Action item:
Transcribe all of the data exactly. Images stay out.

Data below Start Marker

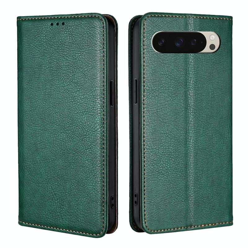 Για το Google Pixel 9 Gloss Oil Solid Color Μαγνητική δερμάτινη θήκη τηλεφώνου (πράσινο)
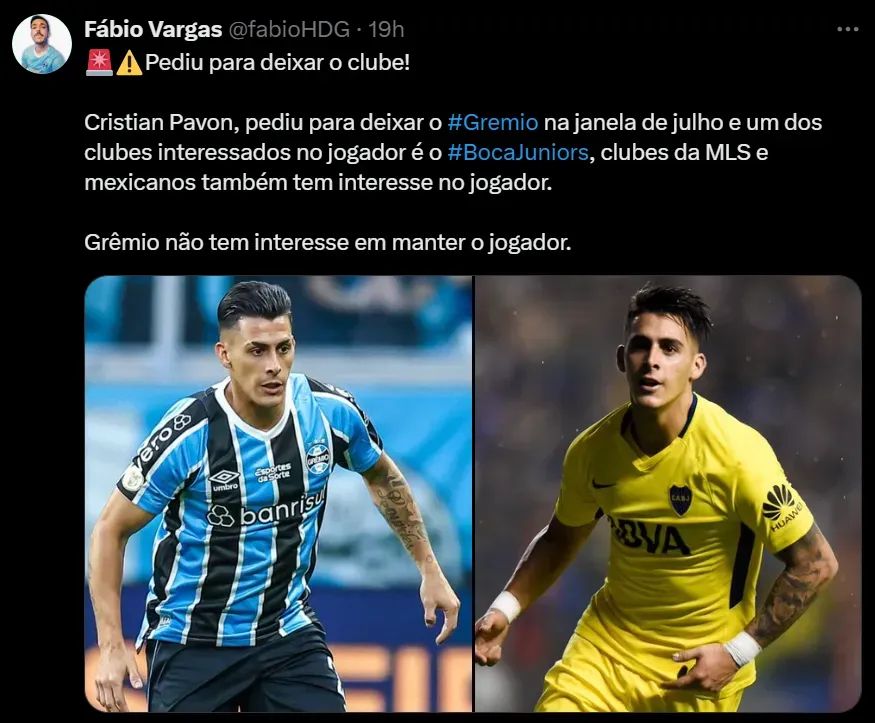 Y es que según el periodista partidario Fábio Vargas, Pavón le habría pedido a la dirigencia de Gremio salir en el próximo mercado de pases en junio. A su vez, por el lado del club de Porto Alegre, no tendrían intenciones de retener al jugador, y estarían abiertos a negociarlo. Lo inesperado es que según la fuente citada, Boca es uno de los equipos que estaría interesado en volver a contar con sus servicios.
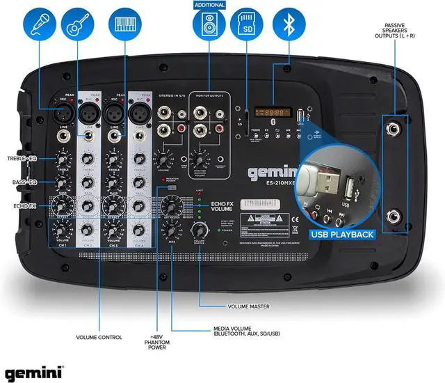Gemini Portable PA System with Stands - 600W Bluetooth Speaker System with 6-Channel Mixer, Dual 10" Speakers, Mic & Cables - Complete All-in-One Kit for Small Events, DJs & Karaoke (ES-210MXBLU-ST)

Data below End Marker

Response:
 Για το Google Pixel 9 Gloss Oil Solid Color Μαγνητική δερμάτινη θήκη τηλεφώνου (πράσινο)
 Y es que según el periodista partidario Fábio Vargas, Pavón le habría pedido a la dirigencia de Gremio salir en el próximo mercado de pases en junio. A su vez, por el lado del club de Porto Alegre, no tendrían intenciones de retener al jugador, y estarían abiertos a negociarlo. Lo inesperado es que según la fuente citada, Boca es uno de los equipos que estaría interesado en volver a contar con sus servicios.
Gemini Portable PA System with Stands - 600W Bluetooth Speaker System with 6-Channel Mixer, Dual 10" Speakers, Mic & Cables - Complete All-in-One Kit for Small Events, DJs & Karaoke (ES-210MXBLU-ST)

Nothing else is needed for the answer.